=== Data records ===

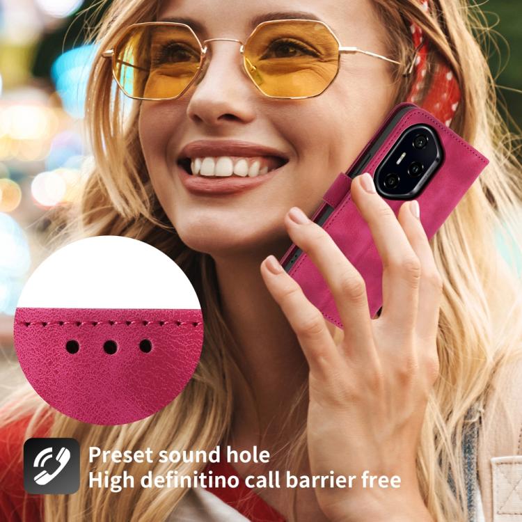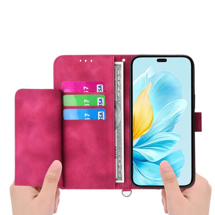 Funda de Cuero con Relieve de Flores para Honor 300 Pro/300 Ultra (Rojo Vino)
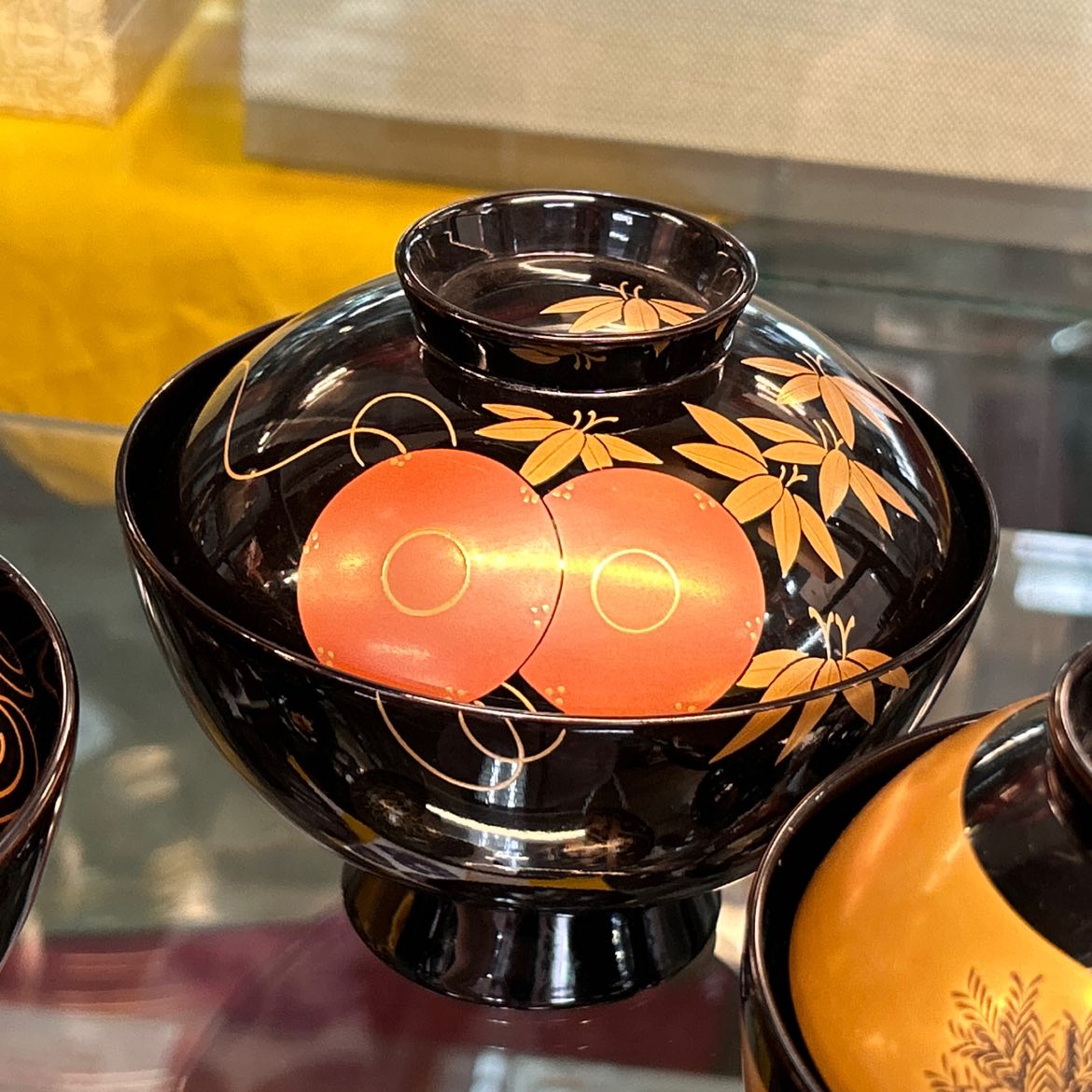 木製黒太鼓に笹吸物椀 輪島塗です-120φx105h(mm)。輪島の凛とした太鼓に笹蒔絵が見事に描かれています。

===
=== Data records ===

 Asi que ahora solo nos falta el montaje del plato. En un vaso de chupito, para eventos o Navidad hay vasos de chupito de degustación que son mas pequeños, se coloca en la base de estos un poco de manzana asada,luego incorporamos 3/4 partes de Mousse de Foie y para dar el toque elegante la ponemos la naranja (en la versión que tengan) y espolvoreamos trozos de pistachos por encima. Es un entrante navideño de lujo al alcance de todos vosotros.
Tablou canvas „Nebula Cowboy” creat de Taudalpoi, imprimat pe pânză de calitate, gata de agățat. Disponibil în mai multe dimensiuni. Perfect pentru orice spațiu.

===
=== Data records ===

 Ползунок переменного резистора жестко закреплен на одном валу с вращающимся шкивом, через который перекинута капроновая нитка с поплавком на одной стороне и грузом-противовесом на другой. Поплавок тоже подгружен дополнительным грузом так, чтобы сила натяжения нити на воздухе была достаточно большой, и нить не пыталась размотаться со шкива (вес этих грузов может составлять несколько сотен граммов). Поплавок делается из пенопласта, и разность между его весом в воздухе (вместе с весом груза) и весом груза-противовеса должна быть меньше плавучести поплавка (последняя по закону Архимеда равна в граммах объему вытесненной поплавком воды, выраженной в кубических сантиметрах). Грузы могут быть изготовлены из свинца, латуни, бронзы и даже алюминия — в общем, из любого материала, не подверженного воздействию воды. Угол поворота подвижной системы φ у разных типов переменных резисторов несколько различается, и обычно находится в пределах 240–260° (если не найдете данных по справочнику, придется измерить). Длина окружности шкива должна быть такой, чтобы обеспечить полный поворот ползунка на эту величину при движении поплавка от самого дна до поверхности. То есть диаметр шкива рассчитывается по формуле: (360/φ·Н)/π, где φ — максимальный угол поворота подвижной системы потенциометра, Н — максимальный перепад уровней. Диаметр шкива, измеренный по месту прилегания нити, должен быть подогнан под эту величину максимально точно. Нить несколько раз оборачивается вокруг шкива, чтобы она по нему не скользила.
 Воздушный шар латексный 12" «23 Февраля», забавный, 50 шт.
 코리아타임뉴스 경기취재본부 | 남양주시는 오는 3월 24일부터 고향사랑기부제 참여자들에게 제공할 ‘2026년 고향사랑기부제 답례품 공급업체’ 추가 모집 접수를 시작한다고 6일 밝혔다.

===

_Your assignment_: The lines to reproduce run from the one above containing "Funda de Cuero" through the one containing "木製黒太鼓に笹吸物椀 輪島塗". Copy them exactly and leave out all pictures.

_Output for this task_:
 Funda de Cuero con Relieve de Flores para Honor 300 Pro/300 Ultra (Rojo Vino)
 木製黒太鼓に笹吸物椀 輪島塗です-120φx105h(mm)。輪島の凛とした太鼓に笹蒔絵が見事に描かれています。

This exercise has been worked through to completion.